Il nous faut maintenant revenir en arrière et rappeler les titres des principaux récits qui ont tour à tour distrait, ému ou charmé deux ou trois générations et qui se subdivisent en impressions de voyages, en romans et en chroniques historiques.

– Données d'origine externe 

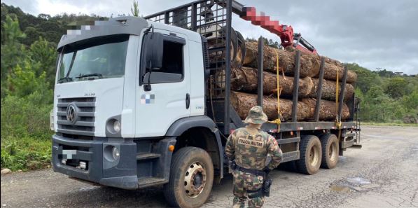 Polícia Militar Ambiental Flagra Transporte Irregular de Toras de Pinheiro-Brasileiro Entre Carga de Pinus

Dumas a lui-même raconté comment, après l’insurrection de juin 1832 et une atteinte de choléra, dont il se ressentit d’ailleurs une partie de sa vie, les médecins et ses amis lui conseillèrent de quitter Paris durant quelques mois. De cette première excursion à travers la Bourgogne et la Suisse datent ces fameuses Impressions de voyage qui forment l’une des parties les plus attrayantes de son œuvre et qui ont si légitimement contribué à sa popularité. Ce sont, dans l’ordre chronologique: Impressions de voyage [en Suisse] (1833, 5 vol. in-8); Excursions sur les bords du Rhin (1841, 3 vol. in-8); Une année à Florence (1840, 2 vol. in-8); Nouvelles impressions de voyage [Midi de la France] (1841, 3 vol. in-8); Le Speronare (1842, 4 vol. in-8), voyage en Sicile avec le peintre Jadin et son bouledogue Mylord; Le Corricolo (1843, 4 vol. in-8); et La Villa Palmieri (1843, 2 vol. in-8), relatifs au même séjour dans le sud de l’Italie; De Paris à Cadix (1848, 5 vol. in-8); Le Véloce ou Tanger, Alger et Tunis (1848, 4 vol. in-8) qui forme la suite du précédent; Le Caucase (1859, in-4); De Paris à Astrakan (1860, 3 vol. in-12), réimpr. sous le titre collectif de : En Russie. À cette série se rattachent, sans en faire cependant partie : l’ouvrage intitulé Quinze jours au Sinaï (1839, 2 vol. in-8), rédigé sur les notes du peintre Dauzats, ainsi que L’Arabie heureuse, pèlerinage d’Hadji-Abd-el-Hamid-Bey [Du Couret] (1855, 6 vol. in-8, ou 1860, 3 vol. in-8); Les Baleiniers, journal d’un voyage aux Antipodes par le Dr Félix Maynard (1861, 2 vol. in-12) et le Journal de Mme Giovanni à Taïti, aux îles Marquises et en Californie (1855, 4 vol. in-8), présentés comme revus et mis en ordre par Alex. Dumas, sans que sa collaboration soit parfaitement établie.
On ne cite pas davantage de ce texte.